(TASK GOAL)
Retype only the lines below from the one with "Terreno Barrio Hotel" to the one with "Made from heavy", inclusive, skipping every image.

(TASK INPUTS)
========================

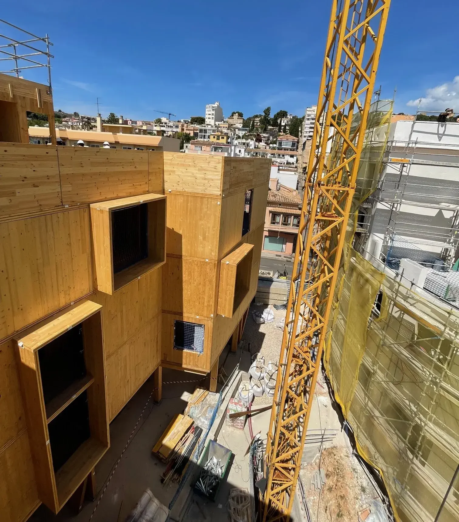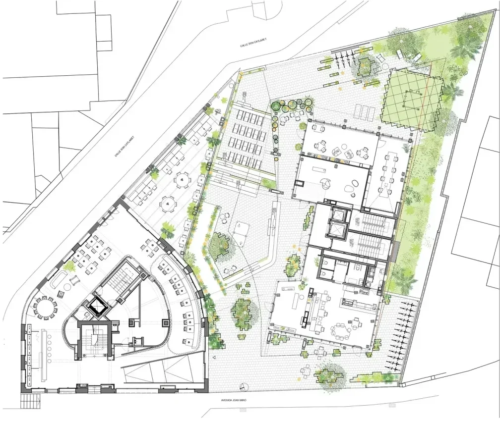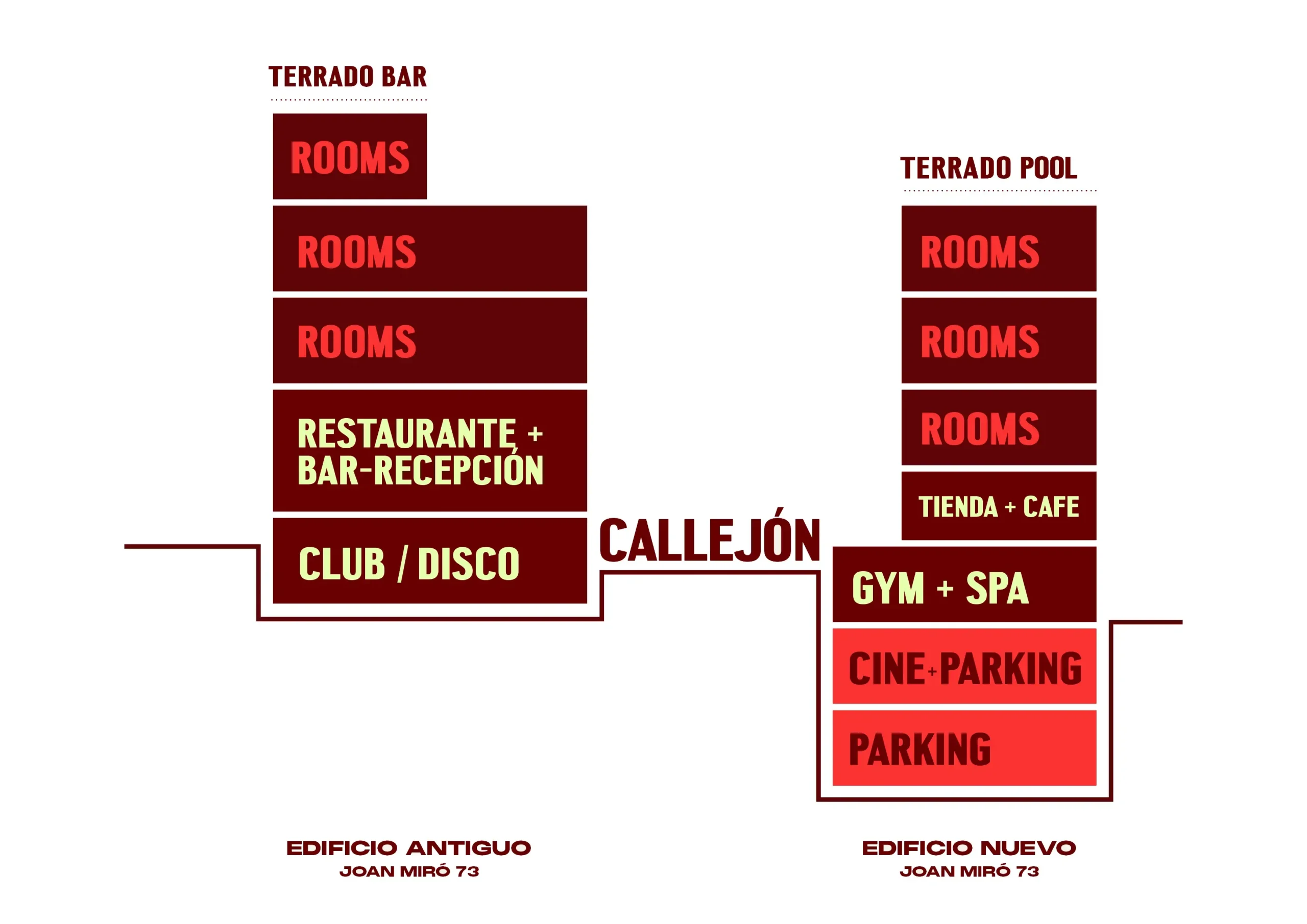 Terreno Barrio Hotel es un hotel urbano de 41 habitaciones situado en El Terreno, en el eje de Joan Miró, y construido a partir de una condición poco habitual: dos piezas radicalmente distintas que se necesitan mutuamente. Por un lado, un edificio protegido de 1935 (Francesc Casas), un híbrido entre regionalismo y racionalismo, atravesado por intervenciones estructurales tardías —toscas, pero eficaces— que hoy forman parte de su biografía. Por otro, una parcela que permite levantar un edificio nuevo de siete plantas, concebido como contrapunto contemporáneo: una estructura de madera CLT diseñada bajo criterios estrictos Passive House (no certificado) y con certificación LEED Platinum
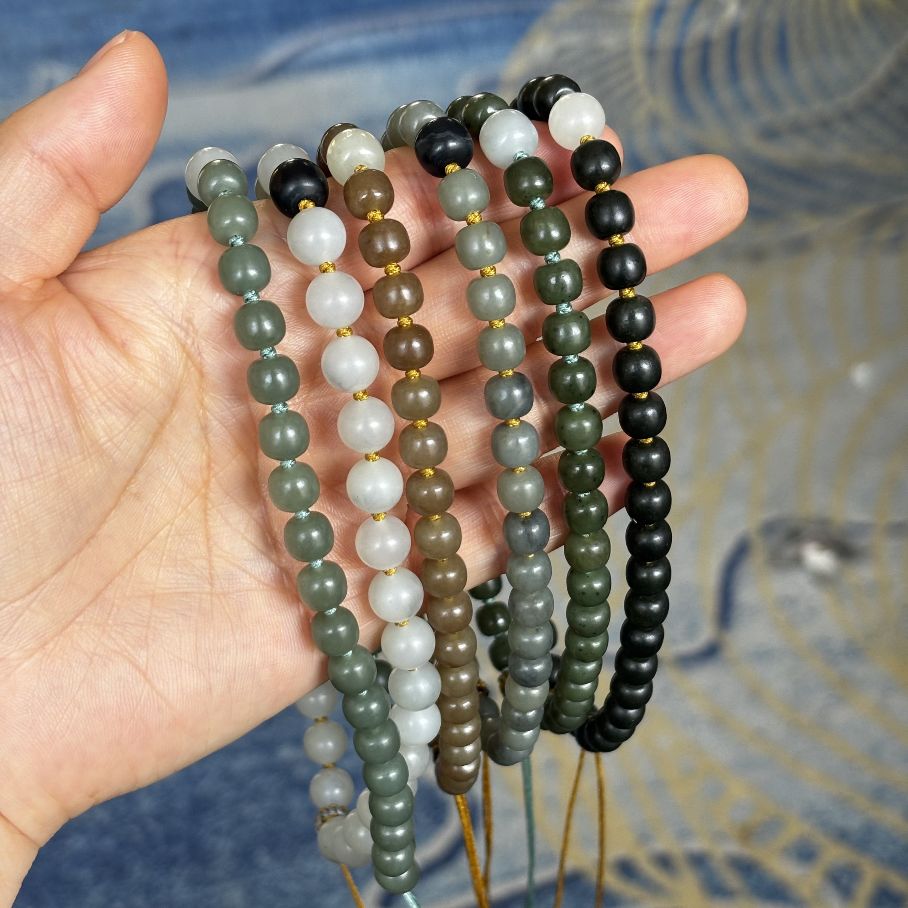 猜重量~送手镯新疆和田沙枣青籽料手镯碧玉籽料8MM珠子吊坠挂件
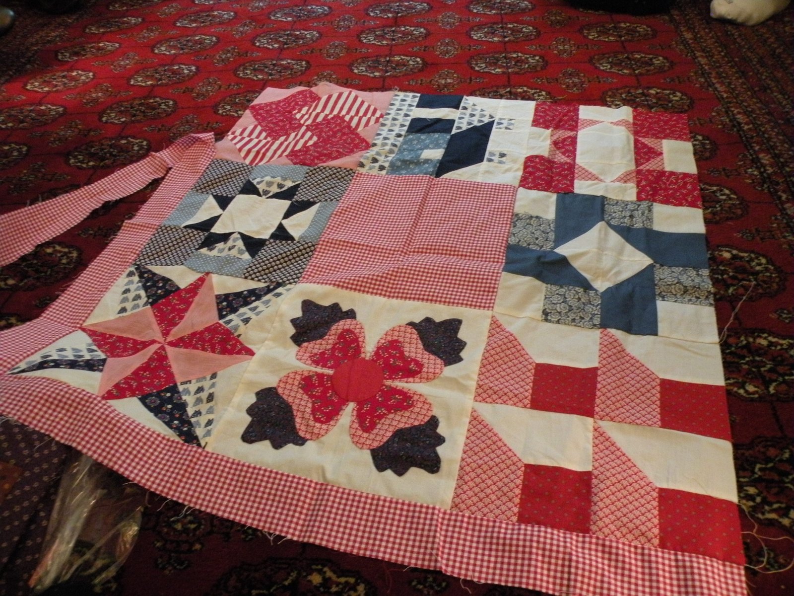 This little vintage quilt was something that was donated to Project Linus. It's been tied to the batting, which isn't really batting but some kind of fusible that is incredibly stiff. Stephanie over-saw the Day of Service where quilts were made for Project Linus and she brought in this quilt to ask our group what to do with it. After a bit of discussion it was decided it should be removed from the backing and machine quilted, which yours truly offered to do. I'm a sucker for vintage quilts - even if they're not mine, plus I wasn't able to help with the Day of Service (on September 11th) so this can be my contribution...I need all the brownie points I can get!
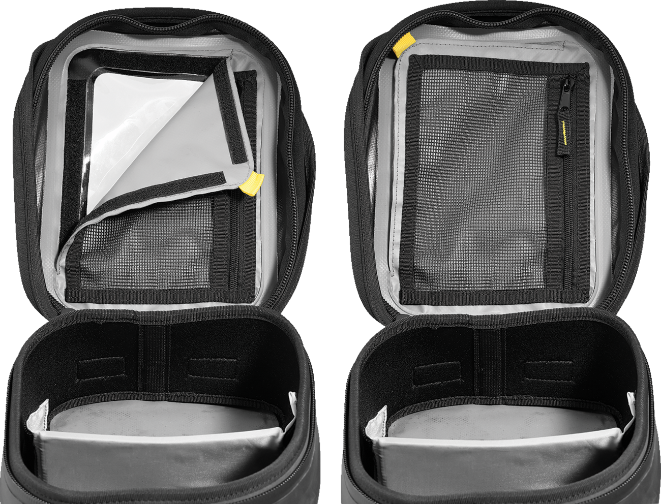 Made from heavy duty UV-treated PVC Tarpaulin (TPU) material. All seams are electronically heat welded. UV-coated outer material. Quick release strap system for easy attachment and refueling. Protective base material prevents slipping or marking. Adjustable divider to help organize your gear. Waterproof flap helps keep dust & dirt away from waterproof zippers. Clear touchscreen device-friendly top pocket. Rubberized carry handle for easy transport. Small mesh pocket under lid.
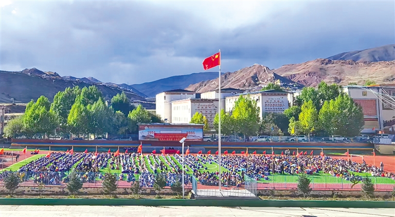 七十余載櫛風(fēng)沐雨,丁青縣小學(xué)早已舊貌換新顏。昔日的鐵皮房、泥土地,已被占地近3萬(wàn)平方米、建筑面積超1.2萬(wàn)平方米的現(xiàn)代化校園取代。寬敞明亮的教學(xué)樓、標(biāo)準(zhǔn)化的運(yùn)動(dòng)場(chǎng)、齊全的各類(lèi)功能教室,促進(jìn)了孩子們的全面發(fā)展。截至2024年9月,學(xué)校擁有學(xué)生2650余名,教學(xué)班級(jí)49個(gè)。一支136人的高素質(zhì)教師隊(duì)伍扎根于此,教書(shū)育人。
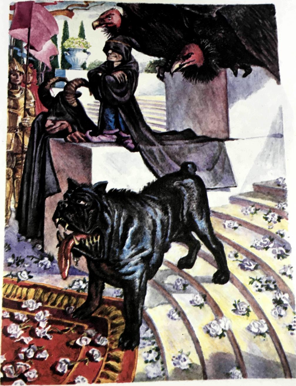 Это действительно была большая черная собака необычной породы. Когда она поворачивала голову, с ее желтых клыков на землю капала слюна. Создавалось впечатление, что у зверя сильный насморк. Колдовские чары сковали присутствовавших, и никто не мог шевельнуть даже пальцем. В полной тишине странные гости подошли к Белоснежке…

========================

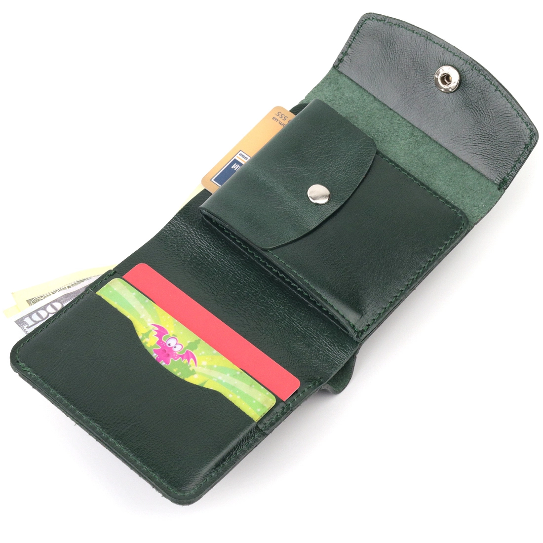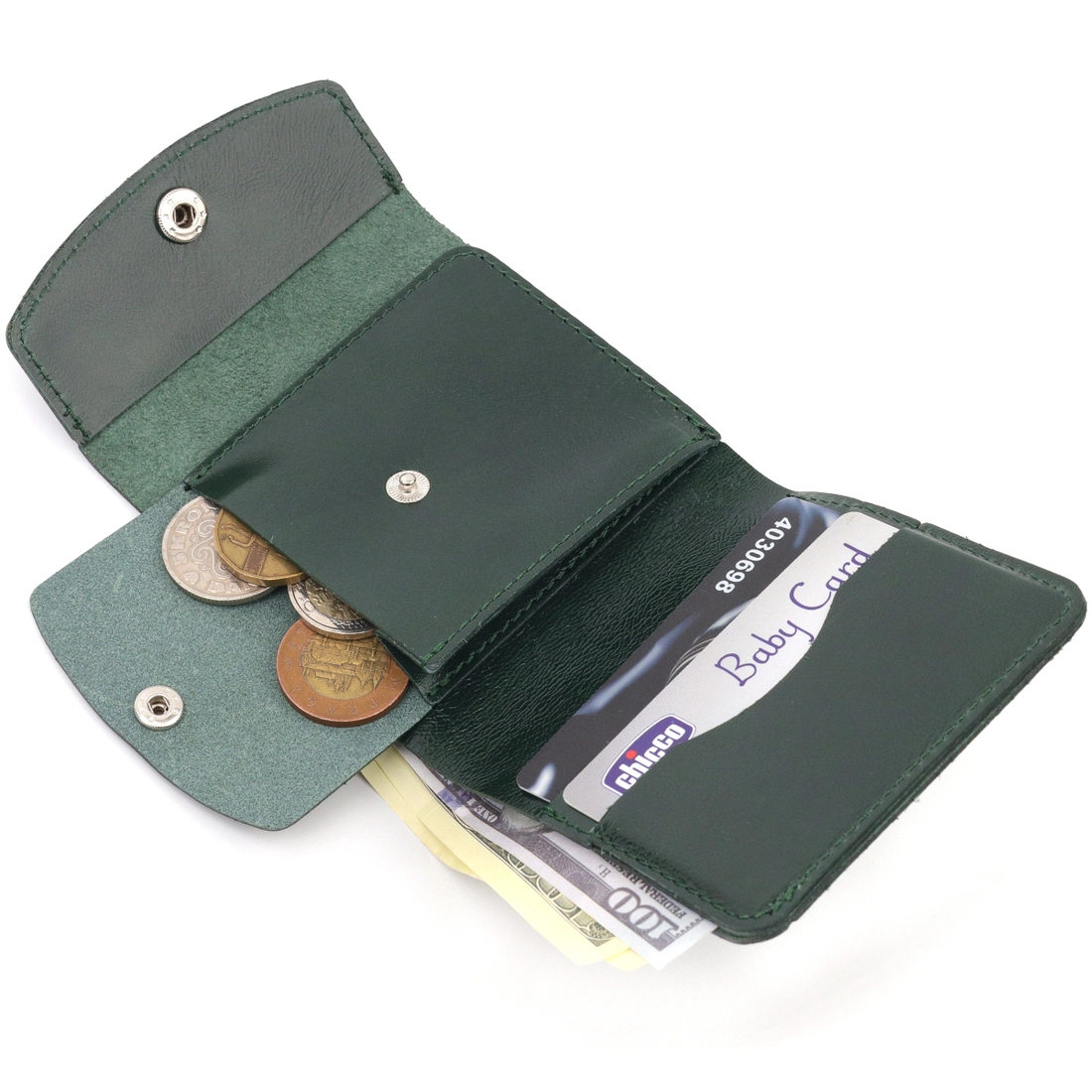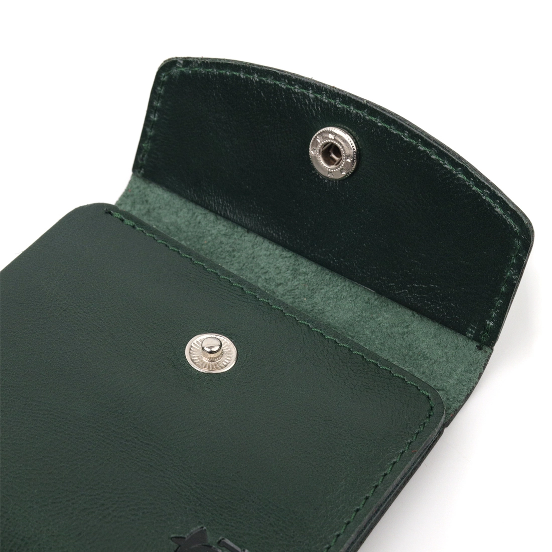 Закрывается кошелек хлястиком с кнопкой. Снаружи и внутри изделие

========================

(OUTPUT OF THE EXERCISE)
 Terreno Barrio Hotel es un hotel urbano de 41 habitaciones situado en El Terreno, en el eje de Joan Miró, y construido a partir de una condición poco habitual: dos piezas radicalmente distintas que se necesitan mutuamente. Por un lado, un edificio protegido de 1935 (Francesc Casas), un híbrido entre regionalismo y racionalismo, atravesado por intervenciones estructurales tardías —toscas, pero eficaces— que hoy forman parte de su biografía. Por otro, una parcela que permite levantar un edificio nuevo de siete plantas, concebido como contrapunto contemporáneo: una estructura de madera CLT diseñada bajo criterios estrictos Passive House (no certificado) y con certificación LEED Platinum
 猜重量~送手镯新疆和田沙枣青籽料手镯碧玉籽料8MM珠子吊坠挂件
 This little vintage quilt was something that was donated to Project Linus. It's been tied to the batting, which isn't really batting but some kind of fusible that is incredibly stiff. Stephanie over-saw the Day of Service where quilts were made for Project Linus and she brought in this quilt to ask our group what to do with it. After a bit of discussion it was decided it should be removed from the backing and machine quilted, which yours truly offered to do. I'm a sucker for vintage quilts - even if they're not mine, plus I wasn't able to help with the Day of Service (on September 11th) so this can be my contribution...I need all the brownie points I can get!
 Made from heavy duty UV-treated PVC Tarpaulin (TPU) material. All seams are electronically heat welded. UV-coated outer material. Quick release strap system for easy attachment and refueling. Protective base material prevents slipping or marking. Adjustable divider to help organize your gear. Waterproof flap helps keep dust & dirt away from waterproof zippers. Clear touchscreen device-friendly top pocket. Rubberized carry handle for easy transport. Small mesh pocket under lid.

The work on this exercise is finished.